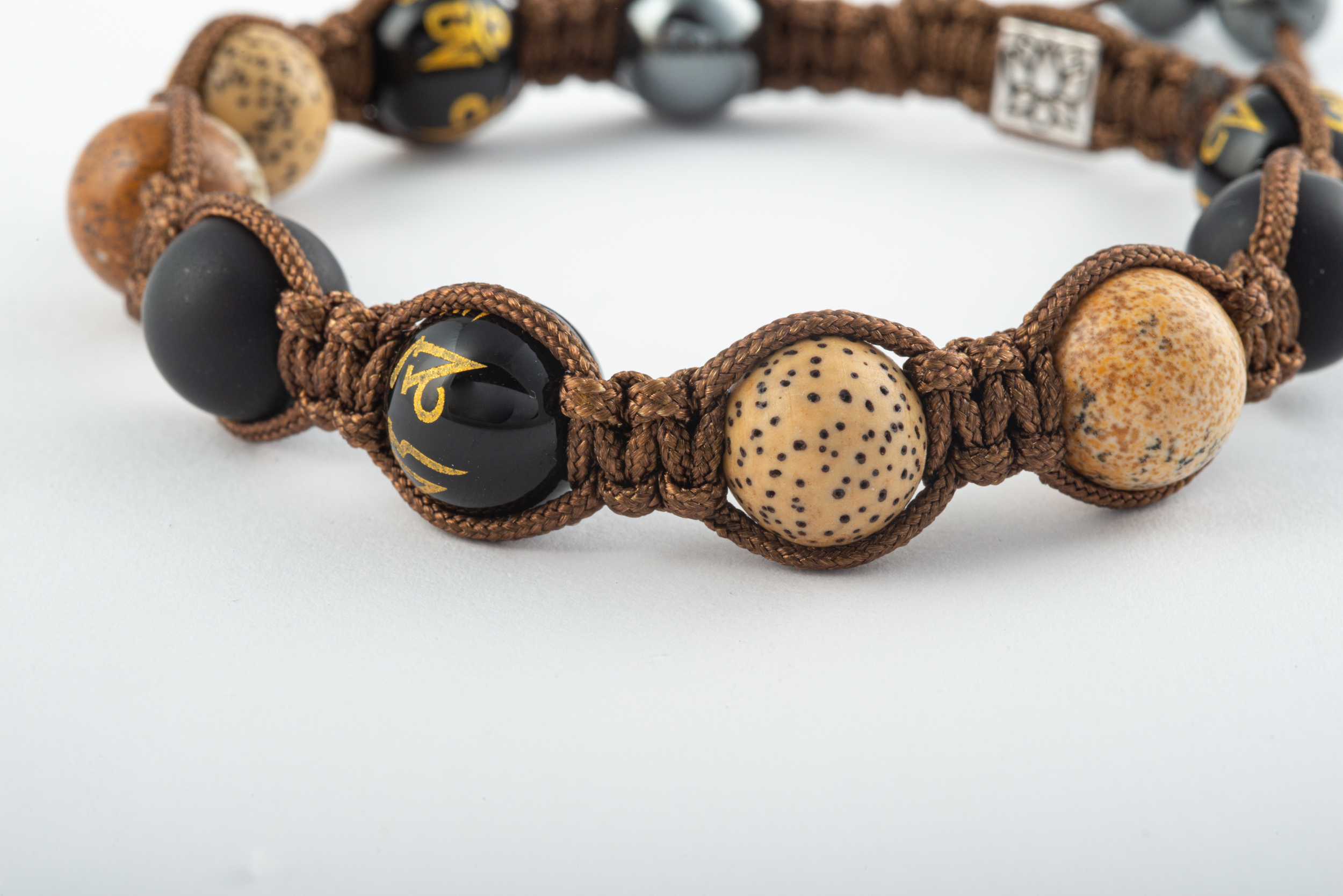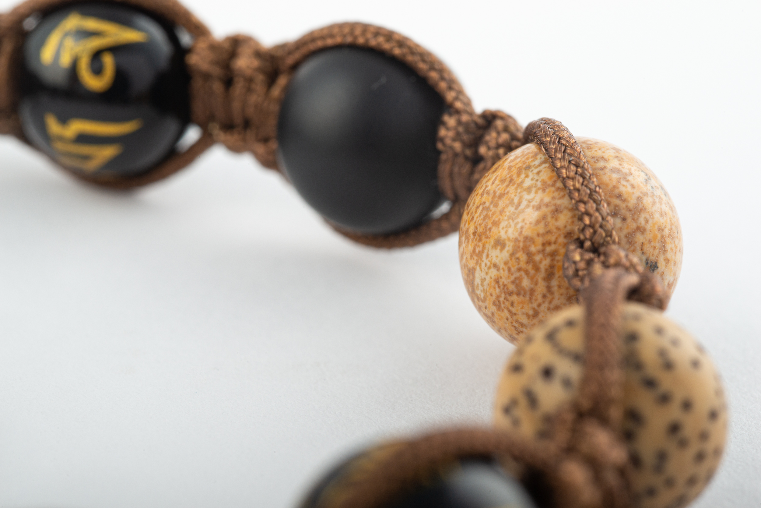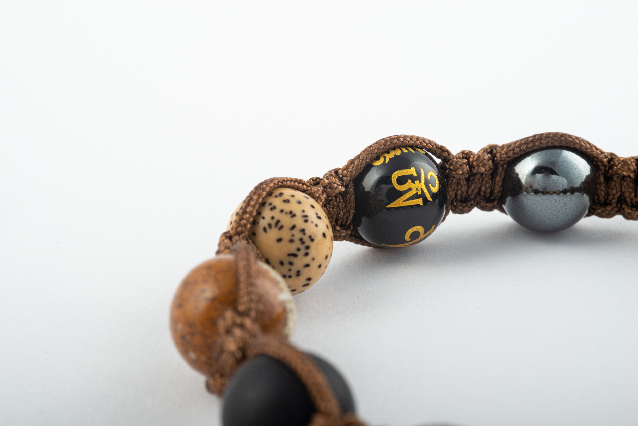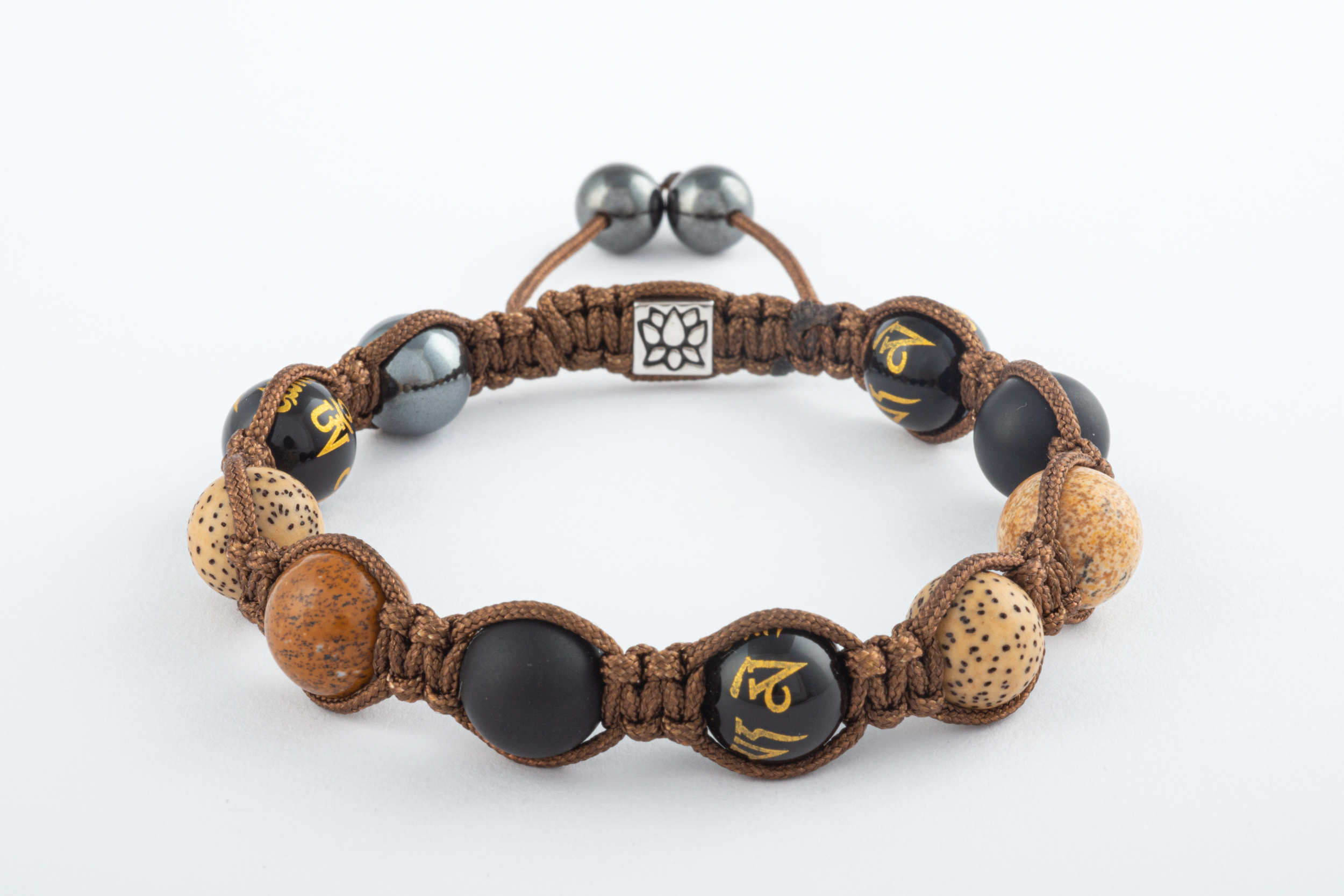 La pulsera encapsula tres de los más importantes mantras esenciales. Sus sílabas remiten a los seis pāramitās, o virtudes, trascendentales: la generosidad, la ética, la paciencia, la diligencia, la concentración y la sabiduría.
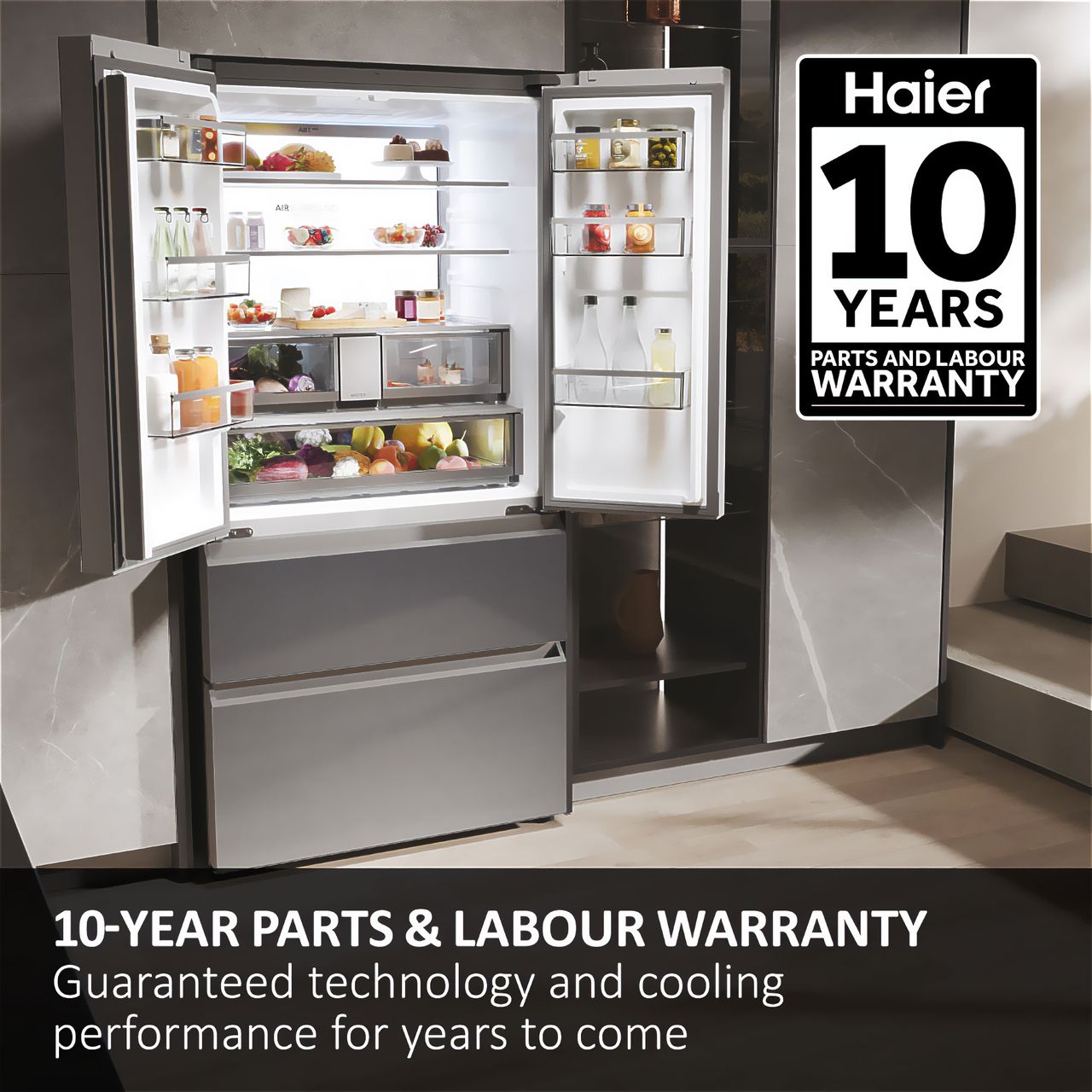 Haier HFR79F19EFGK FD 90 Series 7 91cm Frost Free American Fridge Freezer
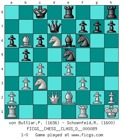 Last move : 1-0 2008 June 8 11:3:1 [Event "FICGS__CHESS__CLASS_D__000089"] [Site "FICGS"] [Date "2008.05.23"] [Round "1"] [White "von Buttlar,Paul"] [Black "Schoenfeld,Ralf"] [Result "1-0"] [WhiteElo "1636"] [BlackElo "1600"] 1.c4 e5 2.Nc3 c6 3.e4 Bc5 4.Nf3 d6 5.d4 exd4 6.Nxd4 Nf6 7.Be2 Qe7 8.f3 a6 9.Be3 Nbd7 10.Qd2 Ne5 11.O-O Be6 12.b3 Ba7 13.Kh1 O-O-O 14.Nf5 Qd7 15.Bxa7 b5 16.Bb6 Rde8 17.Nxd6+ 1-0 English Opening Kingside Castling by player White (move 11) Queenside Castling by player Black (move 13) Player White won this chess game. Follow this game move after move (download)One doesn't have to play well, it's enough to play better than your opponent. (Siegbert Tarrasch) Dieses schreckliche Gefühl, dass ich gegen eine Maschine spielte, die niemals Fehler macht, zerschmetterte meinen Widerstand. (Mark Taimanov) Fischer era un maestro de claridad y un Rey del posicionamiento astuto. Sus oponentes podían ver hacia donde se dirigía pero eran impotentes para detenerlo. (Bruce Pandolfini) Votre seul travail dans les ouvertures est d'obtenir un milieu de partie jouable. (Lajos Portish) Those parts of the system that you can hit with a hammer (not advised) are called hardware; those program instructions that you can only curse at are called software. (Anonymous)
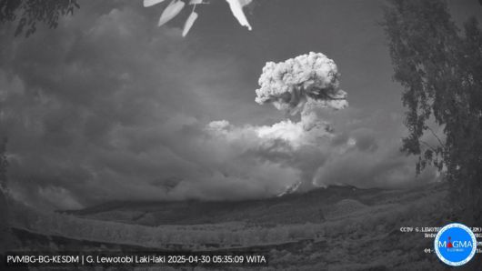 30일 인도네시아 에너지광물자원부(ESDM) 산하 화산·지질재난방지센터(PVMBG)의 보고 등에 따르면 르워토비 라키라키 화산이 이날 오전 5시22분 분화했다. 이번 분화로 화산재 기둥은 분화구로부터 약 4000m, 해발 약 5584m 상공까지 치솟았으며 강한 뻥 소리도 동반됐다.

========================================

- **What to produce**
Repeat the listing word for word, but without its pictures.

- **Task response**
 La pulsera encapsula tres de los más importantes mantras esenciales. Sus sílabas remiten a los seis pāramitās, o virtudes, trascendentales: la generosidad, la ética, la paciencia, la diligencia, la concentración y la sabiduría.
 Haier HFR79F19EFGK FD 90 Series 7 91cm Frost Free American Fridge Freezer
 Last move : 1-0 2008 June 8 11:3:1 [Event "FICGS__CHESS__CLASS_D__000089"] [Site "FICGS"] [Date "2008.05.23"] [Round "1"] [White "von Buttlar,Paul"] [Black "Schoenfeld,Ralf"] [Result "1-0"] [WhiteElo "1636"] [BlackElo "1600"] 1.c4 e5 2.Nc3 c6 3.e4 Bc5 4.Nf3 d6 5.d4 exd4 6.Nxd4 Nf6 7.Be2 Qe7 8.f3 a6 9.Be3 Nbd7 10.Qd2 Ne5 11.O-O Be6 12.b3 Ba7 13.Kh1 O-O-O 14.Nf5 Qd7 15.Bxa7 b5 16.Bb6 Rde8 17.Nxd6+ 1-0 English Opening Kingside Castling by player White (move 11) Queenside Castling by player Black (move 13) Player White won this chess game. Follow this game move after move (download)One doesn't have to play well, it's enough to play better than your opponent. (Siegbert Tarrasch) Dieses schreckliche Gefühl, dass ich gegen eine Maschine spielte, die niemals Fehler macht, zerschmetterte meinen Widerstand. (Mark Taimanov) Fischer era un maestro de claridad y un Rey del posicionamiento astuto. Sus oponentes podían ver hacia donde se dirigía pero eran impotentes para detenerlo. (Bruce Pandolfini) Votre seul travail dans les ouvertures est d'obtenir un milieu de partie jouable. (Lajos Portish) Those parts of the system that you can hit with a hammer (not advised) are called hardware; those program instructions that you can only curse at are called software. (Anonymous)
 30일 인도네시아 에너지광물자원부(ESDM) 산하 화산·지질재난방지센터(PVMBG)의 보고 등에 따르면 르워토비 라키라키 화산이 이날 오전 5시22분 분화했다. 이번 분화로 화산재 기둥은 분화구로부터 약 4000m, 해발 약 5584m 상공까지 치솟았으며 강한 뻥 소리도 동반됐다.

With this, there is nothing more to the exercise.